Re: Page Scan Mode in Hash Index

From: Amit Kapila <amit(dot)kapila16(at)gmail(dot)com>
To: Ashutosh Sharma <ashu(dot)coek88(at)gmail(dot)com>
Cc: Robert Haas <robertmhaas(at)gmail(dot)com>, Jesper Pedersen <jesper(dot)pedersen(at)redhat(dot)com>, pgsql-hackers <pgsql-hackers(at)postgresql(dot)org>
Subject: Re: Page Scan Mode in Hash Index
Date: 2017-04-04 10:26:26
Message-ID: CAA4eK1JrePM0_ai64Dt5WAiaERET=Kuow-FyOGLDaNLSzBF6rw@mail.gmail.com
Views: Raw Message | Whole Thread | Download mbox | Resend email
Thread:
Lists: pgsql-hackers

On Sun, Apr 2, 2017 at 4:14 AM, Ashutosh Sharma <ashu(dot)coek88(at)gmail(dot)com> wrote:
>
> Please note that these patches needs to be applied on top of [1].
>

Few more review comments:

1.
- page = BufferGetPage(so->hashso_curbuf);
+ blkno = so->currPos.currPage;
+ if (so->hashso_bucket_buf == so->currPos.buf)
+ {
+ buf = so->currPos.buf;
+ LockBuffer(buf, BUFFER_LOCK_SHARE);
+ page = BufferGetPage(buf);
+ }

Here, you are assuming that only bucket page can be pinned, but I
think that assumption is not right. When _hash_kill_items() is called
before moving to next page, there could be a pin on the overflow page.
You need some logic to check if the buffer is pinned, then just lock
it. I think once you do that, it might not be convinient to release
the pin at the end of this function.

Add some comments on top of _hash_kill_items to explain the new
changes or say some thing like "See _bt_killitems for details"

2.
+ /*
+ * We save the LSN of the page as we read it, so that we know whether it
+ * safe to apply LP_DEAD hints to the page later. This allows us to drop
+ * the pin for MVCC scans, which allows vacuum to avoid blocking.
+ */
+ so->currPos.lsn = PageGetLSN(page);
+

The second part of above comment doesn't make sense because vacuum's
will still be blocked because we hold the pin on primary bucket page.

3.
+ {
+ /*
+ * No more matching tuples were found. return FALSE
+ * indicating the same. Also, remember the prev and
+ * next block number so that if fetching tuples using
+ * cursor we remember the page from where to start the
+ * scan.
+ */
+ so->currPos.prevPage = (opaque)->hasho_prevblkno;
+ so->currPos.nextPage = (opaque)->hasho_nextblkno;

You can't read opaque without having lock and by this time it has
already been released.

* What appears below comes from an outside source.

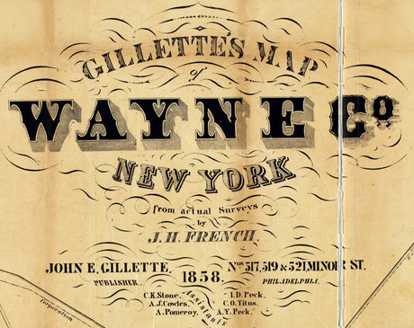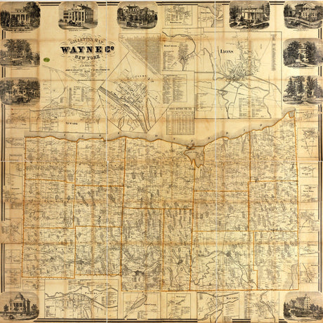 1858 Farm Line Map of Wayne County New York Lyons Newark Clyde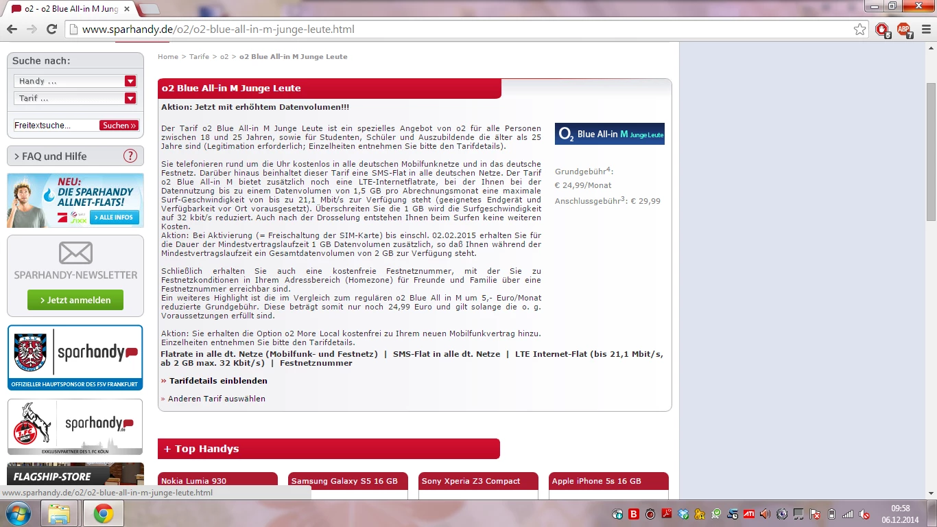 Ich hatte meinen o2 Blue All-In-M Junge Leute Tarif am 02.12.2014 über Sparhandy abgeschlossen.

Also, I think if you want to save position for
cursor movement, then you need to save the position of last bucket
when scan completes the overflow chain, however as you have written it
will be always invalid block number. I think there is similar problem
with prevblock number.

4.
+_hash_load_qualified_items(IndexScanDesc scan, Page page, OffsetNumber offnum,
+ OffsetNumber maxoff, ScanDirection dir)
+{
+ HashScanOpaque so = (HashScanOpaque) scan->opaque;
+ IndexTuple itup;
+ int itemIndex;
+
+ if (ScanDirectionIsForward(dir))
+ {
+ /* load items[] in ascending order */
+ itemIndex = 0;
+
+ /* new page, relocate starting position by binary search */
+ offnum = _hash_binsearch(page, so->hashso_sk_hash);

What is the need to find offset number when this function already has
that as an input parameter?

5.
+_hash_load_qualified_items(IndexScanDesc scan, Page page, OffsetNumber offnum,
+ OffsetNumber maxoff, ScanDirection dir)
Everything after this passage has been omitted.